Espiritualidade e Religião

O ser humano possui um nível de consciência que, para a maioria, ainda é acessado apenas de forma incipiente. Contudo, mesmo em seus estágios mais sutis, essa consciência indica, por meio da intuição, que existe uma busca a ser realizada em direção ao transcendental. Trata-se de um senso inato que impulsiona o indivíduo a procurar algo que, em seu entendimento, parece distante, externo a si mesmo, situado em alguma dimensão celestial. Entretanto, esse algo não está fora, mas dentro: é a sua própria natureza essencial, sua espiritualidade.

Poucas coisas revelam tanto nossa resistência em aceitar essa realidade – que implica aceitar plenamente o que somos verdadeiramente – quanto a necessidade de religião. Durante toda a vida, e através das eras, os seres humanos repetem os mesmos rituais, frequentam as mesmas missas, cultos e cerimônias, retornando ciclicamente aos mesmos símbolos e práticas.
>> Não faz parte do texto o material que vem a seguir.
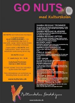 Lørdag den 17. marts 2012 vil Kulturskolen "Go Nuts". Det betyder at Norddjurs Kulturskole vil samle alle elever og lærere i Pavillonen, for at lave aktiviteter hele dagen. - Elever vil få tilbudt workshops, clinics og sessions og undervisning i musik, billedkunst, drama og dans. - Kulturskolens elever vil kunne tilmelde sig alle aktiviteter som kulturskolen ryster op med denne dag.

Raramente percebem que essa repetição contínua evidencia o quanto ainda resistem a se render ao Supremo que habita seu íntimo, à presença divina que constitui sua própria essência.

Se não tivéssemos nos afastado da fonte original, do princípio divino que nos gerou, não haveria necessidade de religião. As religiões surgiram justamente para recordar ao ser humano sua condição espiritual e para oferecer caminhos que o reconectem àquilo que um dia esqueceu. Todavia, dependendo da forma como são conduzidas e interpretadas, podem também transformar-se em instrumentos de distanciamento dessa mesma natureza que deveriam revelar. Isso ocorre quando interesses institucionais, políticos ou econômicos se sobrepõem aos princípios fundamentais que inspiraram sua criação e sua oferta à humanidade.

As religiões existem, portanto, em razão da resistência humana em reconhecer sua espiritualidade original. São respostas históricas a uma desconexão interior que ainda não foi plenamente superada. Quando aprendermos a perceber Deus – a Inteligência Suprema que permeia toda a Criação – em todas as coisas e em todos os momentos; quando formos capazes de respirar conscientemente essa presença divina e reconhecê-la em cada manifestação da existência, teremos nos libertado da dependência das religiões. Uma dependência que, é importante reconhecer, não é necessariamente maldosa, mas que permanece necessária enquanto insistirmos em resistir à Verdade. Aquela mesma Verdade à qual Jesus se referiu ao afirmar: “Conhecereis a verdade, e a verdade vos libertará”.

O ser humano estará verdadeiramente espiritualizado quando não necessitar mais de intermediários para encontrar o sagrado, porque terá compreendido que sua própria natureza é reflexo do Criador de Tudo. Entenderá que a espiritualidade não é uma conquista obtida por meio de rituais ou formalidades externas, mas uma jornada de autoconhecimento, consciência e reconexão com sua essência mais profunda. A verdadeira espiritualidade não consiste em buscar Deus como algo separado de si, mas em despertar para a percepção de que jamais esteve distante Dele.

Nesse estágio de maturidade interior, religião e espiritualidade deixam de ser compreendidas como realidades opostas. A religião terá cumprido sua função como ponte, e a espiritualidade florescerá como experiência direta. O ser humano perceberá, então, que o sagrado não habita apenas os templos, os livros ou os ritos, mas manifesta-se silenciosamente em toda a existência. E, ao reconhecer essa unidade, compreenderá que a maior peregrinação não é aquela que conduz a lugares sagrados, mas a que conduz ao centro de si mesmo, onde sempre esteve a presença eterna daquilo que chama de Deus.